If we had a broader notion of security, the politics of Afghanistan would be entirely different. The laboratory of the 1990s could have provided the context for a new security policy -- but Congress pretty much skipped this thorny topic while under conservative reign. In 1993, we lost 18 Army Rangers in Somalia amidst a humanitarian mission that switched to warlord hunting. Security policy making should have stopped in its tracks and shifted right there. When we tried to prop up Haiti in the 90s, we quickly realized that they needed civil administrators, not the Marines. For years, our Guard and Reservists have been setting up humanitarian programs, doing city planning and helping local police throughout the Balkans. If we'd paid attention to those lessons, we would be ten years ahead of where we are now, scrambling to get civilian personnel to Afghanistan. And no matter how much people want to ignore Iraq today, we have lots to lose by not learning the lessons of that war.
Whether a person agrees or disagrees with American policy in Afghanistan, anyone involved in the debate needs to take into consideration the much larger question of how America interacts with the world. Must our best foot forward always be wearing a combat boot? If security is a broad concept and a long term ideal, words like "occupation" on the Left no longer make sense and words like "victory" on the Right seem foolish. Policy proposals would be revealed differently, too. Like Representative McGovern's (MA) very reasonable request for some kind of end-state indicators. Or Senator Feingold's (WI) desire for a timeline. These shouldn't be controversial. They should be planning tools that are part of a long-term commitment where we have phases of activity that overlap and change. That's it. These terms wouldn't be lightening rods if we shifted the conversation -- and the responsibility -- for carrying out American policy.
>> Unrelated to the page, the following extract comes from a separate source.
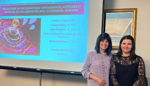 Trajectoire en oncogénétique : le potentiel de la collaboration avec le personnel infirmier, avec la participation de Claire Brousseau, infirmière clinique oncogénétique du cancer du sein et Karine Bouchard, agente de planification, de programmation et de recherche du réseau de cancérologie.
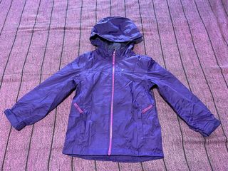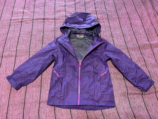 Impermeable color lila. Talla 5 - 6. Butxaques amb cremallera. Punys de les mànigues i caputxa ajustables.

Last week Adm. Mike Mullen, chairman of the Joint Chiefs of Staff, commented on the decline in U.S. public support for the Afghan war. But he invited a national debate over the conflict, saying it was better to take a "hard look" at the problem than to ignore it.
"Let's take a good, hard look at this fight we're in, what we're doing and why," he said. "I'd rather see us, as a nation, argue about the war -- struggling to get it right -- than ignore it."
This is great advice. And in so doing, we could finally have a long overdue conversation about US presence in the world -- how we want to be and how we're going to get there.